9. On scanning the evidence, I find that P.W. 1, eyewitness to the accident, has stated that in the accident the respondent No. 1 lost his two front teeth of the upper jaw of the mouth and the two teeth were left on the road when the accident took place and the respondent No. 1 was taken to G.M.C. Hospital in a rickshaw. Dr. B.R. Bhuyan, P.W. 2, Associate Professor and Head of the Dentistry Department, Gauhati Medical College, who treated the respondent No. 1 at the OPD, has issued a certificate marked as Exh. 1 certifying that he attended to the respondent No. 1 on 14.7.1978 at the OPD and he found two bleeding sockets in the right upper jaw and that the respondent No. 1 had lost two teeth due to the accident. P.W. 4, respondent himself, has stated that after his treatment at Gauhati Medical College, he shifted to his residence where a doctor attended to him for treatment for about 21/2 months and that he had some treatment at Bombay subsequently and he had suffered mental agony and pain and also loss of business and occasionally he gets swelling on the right eye and pain in the left leg. P.W. 3, who is a motor mechanic and owns a workshop in the name and style ‘Uttam Motor Works’, has stated that he Yezdi motor cycle bearing No. ASU 9400 belonging to the respondent No. 1 was repaired by him in his workshop with spare parts supplied by the respondent No. 1 and his estimate dated 22.8.1978 has been exhibited and marked as Exh. 2 before the Tribunal. On the basis of such oral and documentary evidence on record, the respondent No. 1 was thus entitled to compensation for (a) medical treatment of his injury at Gauhati and Bombay, (b) repair of his motor bike, (c) loss of his business and income for 21/2 months, (d) mental agony and pain and finally (e) loss of pleasurable use of two natural teeth at a young age of 31 years for the rest of his life.
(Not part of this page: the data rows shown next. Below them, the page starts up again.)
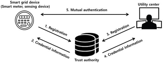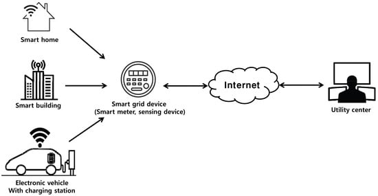 In the past few years, with the advances of information and communication technologies, users can easily access any service provided in various smart grid (SG) environments, including smart home, smart building, vehicle-to-grid (V2G) and advanced metering infrastructure (AMI) [1,2,3,4]. In particular, smart grid using smart device has attracted growing attention from the academia, industries, and researchers. The SG device (sensing device, smart meter, etc.) is one of the core components, which collects various information (electricity consumption, payment, address, etc.) and transfers it to utility centers (power provider, power distributor, etc.) to provide secure, reliable, and efficient power distribution. According to the report of the U.S. Department of Energy (DoE), since 1988, electricity demand has risen by almost 30%. However, the transmission capacity of electricity has only increased by 15% [5]. Therefore, demand-response management has become an important issue to ensure reliable supply of electricity.
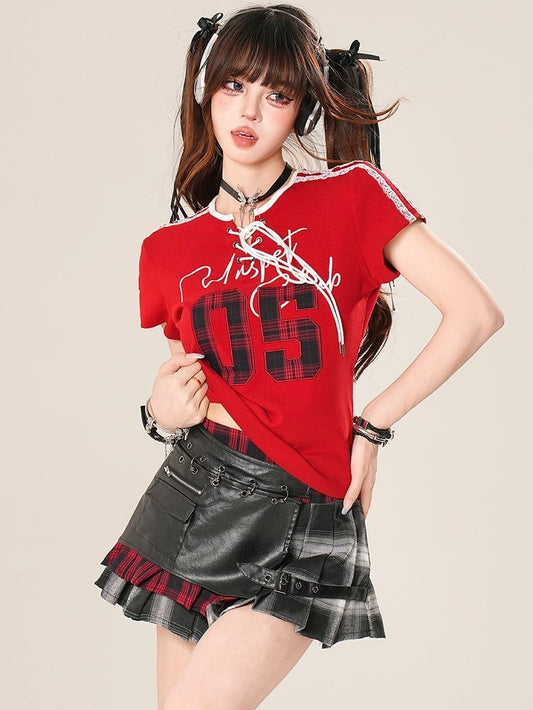 Applique T-shirt Core Plaid Red Detail Lace-up Pattern Trim Blokette Lace Number
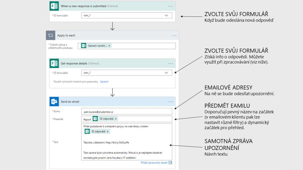Kdybychom si tuto šablonu měli trošku popsat, hodně souvisí se skutečným programováním. Na začátku všeho je tzv. událost, tedy vyvolávací akce, kterou je v našem případě „Když bude odeslána nová odpověď“ („When a new response is submitted“). Na tuto událost reagujeme bloky „Získat podrobnosti o odpovědi“ („Get response details“), kde jen zadáváme ID formuláře, aby Power Automate věděl, ze kterého formuláře je chceme získat, a „Odeslat e-mail“ („Send an email“), v němž vyplňujeme příjemce, předmět a text. Všimněte si, že například v předmětu a textu lze používat i proměnné, tedy pole z formuláře.

A sum of Rs. 50,000/- as lump sum compensation for all these items of loss or damages suffered by the respondent No. 1 annot, in my opinion, be considered as unreasonable and excessive and the last attack of the appellant on the impugned judgment and award also fails.
10. This appeal, therefore, has no merits and is accordingly dismissed and the appellant is directed to pay the compensation, interest and costs as awarded by the Tribunal under the impugned judgment and award less the amounts already paid within a period of three months from today. But considering the facts and circumstances of the case, it is ordered that the parties shall bear their respective costs of this appeal.